Exam3 17-18, 20-21 Flashcards
Central bank liabilities? (3)
Currency, government accounts, reserves
How does the fed control the quantity of securities they hold?
Through open market operations
Reserves are what for commercial banks and what for central banks?
Assets; liabilities
What do commercial banks reserves consist of?
Cash in the banks own vault and deposits at the fed
What is the monetary base also known as?
High powered money
A withdraw by a person does what to the Feds balance sheet?
No change in total assets or total liabilities,
An increase in the liability of currency and decrease in the liability of reserves by the amount of the withdraw
During early years of the Great Depression a study of the money aggregates reveals that the money multiplier did what?
Decreased
What is the focus of central banks today?
Interest rates
The fed offers discount lending as what?
Lender of last resort
Most central banks provide discount loans at what type of rate?
One above the target interest rate
What is the primary policy instrument of the FOMC?
The target federal funds rate
What would the fed do if the market fed funds rate went above the target?
Purchase US treasury securities
If current market fed funds rate = target rate and the demand for reserves decreases, what is the likely response in the fed funds market?
Market fed funds rate will decrease
Three types of loans the fed makes?
Primary, secondary, seasonal
Primary credit extended by the fed is what? (2)
Short-term & overnight
Are reserve requirements a direct tool of monetary policy today?
No
Can central banks set a quantity and price tool simultaneously?
No
When the fed targeted bank reserves as monetary policy tool from 1979-1982 what happened?
Interest rates rose very high
An increase in reserve demand would do what to the fed funds rate?
Increase it.
Decrease in reserve demand would decrease it
If reserve demand is volatile, in order for the central bank to keep interest rates from being volatile it must do what?
Let quantity of reserves fluctuate
Taylor rule equation?
Target fed funds rate = 2+current inflation + 1/2(inflation gap) + 1/2(output gap)

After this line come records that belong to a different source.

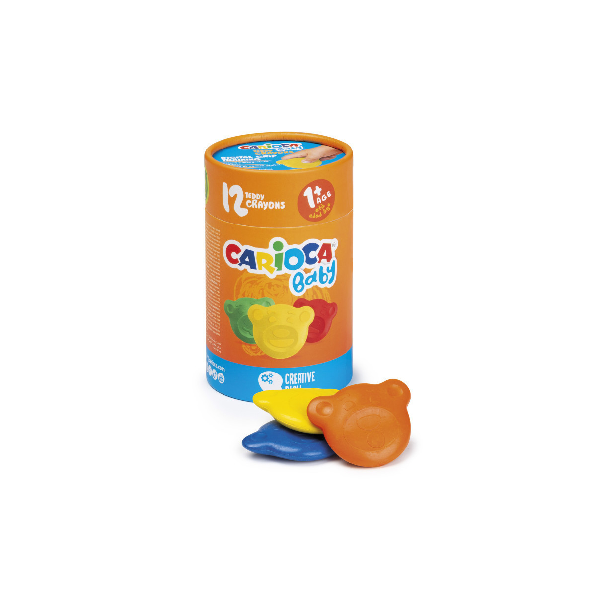 Introduce your little ones to the joy of drawing with Carioca BABY Teddy Crayons – 12 Pieces. Specially designed for children from 12 months, these crayons help develop early digital grip skills while encouraging creative expression. Each crayon is uniquely shaped to fit comfortably in small hands, making the first experiences of drawing easier and more enjoyable. Additionally, every color is associated with a specific emotion, adding a playful and educational dimension to coloring activities. The set comes in a convenient tube, keeping all 12 crayons organized and ready for fun.
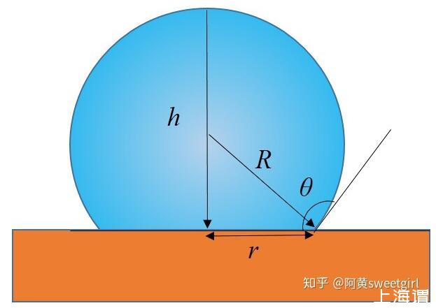 首先,此題必須分為兩種情形。第一種,是液體V很小時(shí),此時(shí)表面張力占主導(dǎo)地位。此解法宮非前輩已經(jīng)給出,但是其解析式不夠簡(jiǎn)化。因此我進(jìn)一步加以簡(jiǎn)化。當(dāng)表面張力占主導(dǎo)時(shí),液滴成完美的球缺狀,如圖1所示。
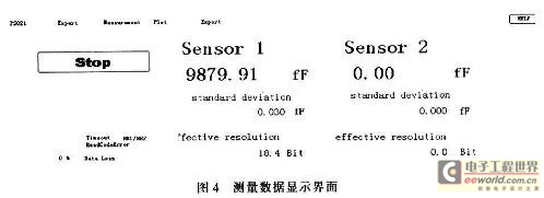 试验中,分别选取1、2、3、5.1、6.8、8.2、9.1、12、13、15、16.5、18 pF的固定电容作为被测电容。根据被测电容的范围确定参考电容的大小,然后根据被测电容和参考电容值,并结合放电时间来确定放电电阻阻值,最后选择适当的测量模式进行测量。在标定好的系统下,在参考端和被测端分别接一只参考电容,此时在数据显示界面显示的值为参考电容值以及寄生电容值的和(图3中 Sensor l显示的数据);然后在被测端参考电容的基础上再并联被测电容,此时测得的数据为被测电容值、参考电容值以及寄生电容值的总和,以上两步所测值相减就是被测的电容值,最后得到的被测电容值统计如表l所示。
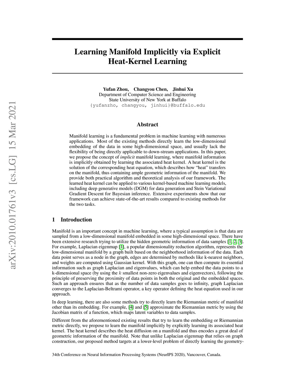 Learning Manifold Implicitly via Explicit Heat-Kernel Learning
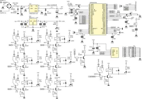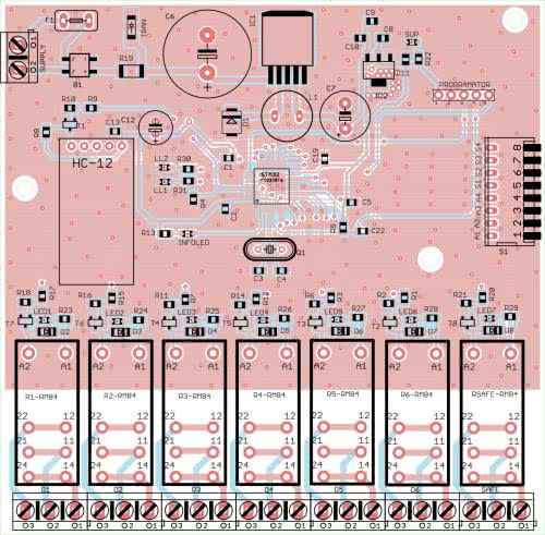 Karta przekaźników ma siedem wyjść. Każdy tor wyjściowy ma taką samą budowę, dlatego dalej opisana zostanie budowa tylko jednego toru. Przekaźnik R1 typu RM84 z cewką na 12 V jest sterowany za pomocą tranzystora T7. Rezystor R17 ogranicza prąd płynący na bazę tranzystora natomiast rezystor R18 uodparnia układ na zakłócenia. Dioda D2 zabezpiecza tranzystor T7 przed uszkodzeniem związanym z przełączaniem przekaźnika. Rezystor R23 wraz z diodą LED1 sygnalizuje o załączeniu przekaźnika.
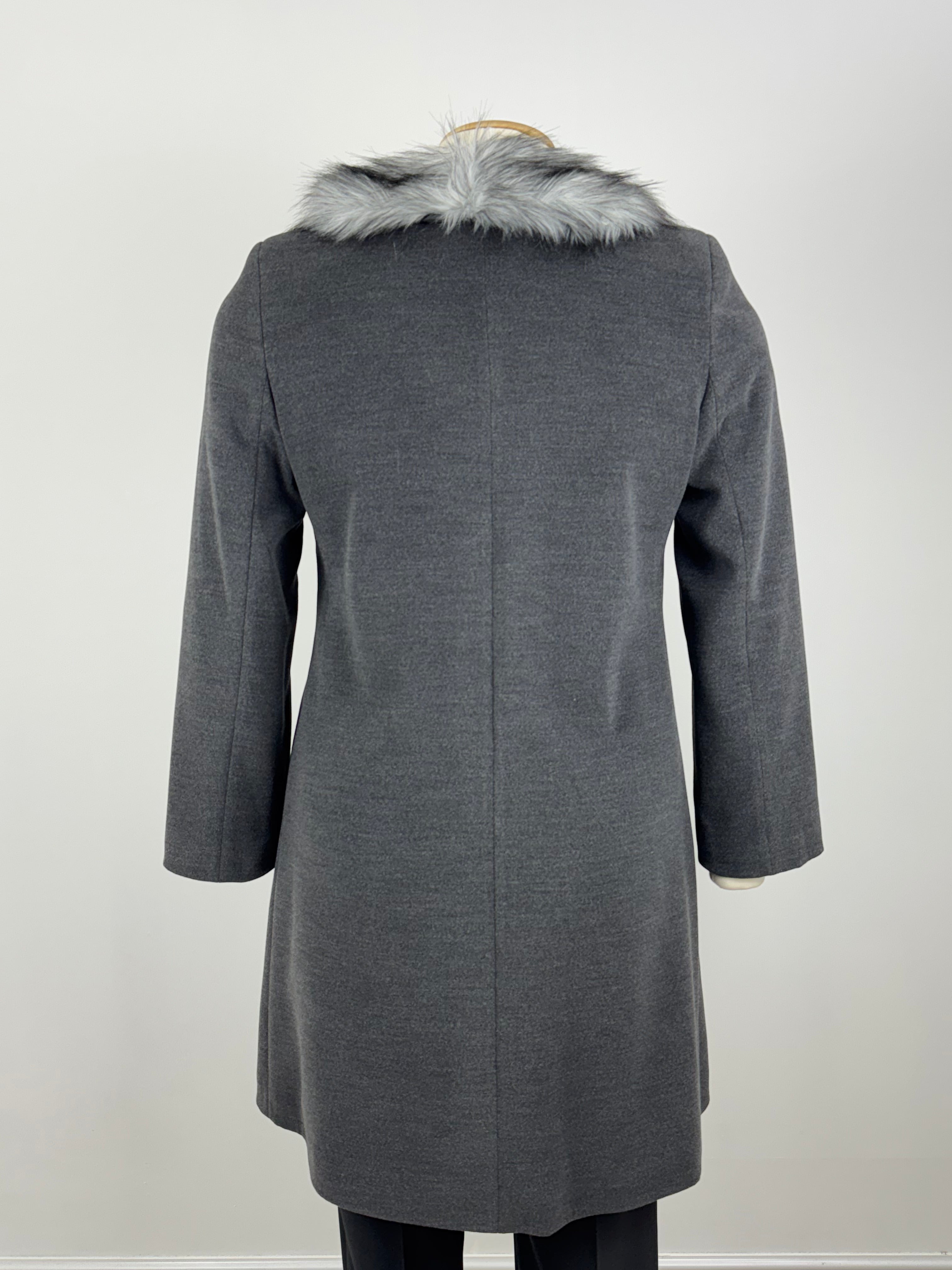 Uzun metal düğme yaka kürklü kaşe kaban.

What does the quantity theory of money state?
Changes in the aggregate price level are caused solely by changes in the quantity of money
In long run, if ignore changes in velocity what will inflation do?
Equal money growth - growth in potential output
What happens during a recessionary gap?
Current output is below potential output
What happens during an expansionary gap?
Current output is above potential output
What would the monetary policy reaction curve do as result of policy makers increasing the inflation target?
MPRC would shift to the right
The relationship between inflation and real output is what?
Inverse
How do central bankers respond to higher rates of inflation?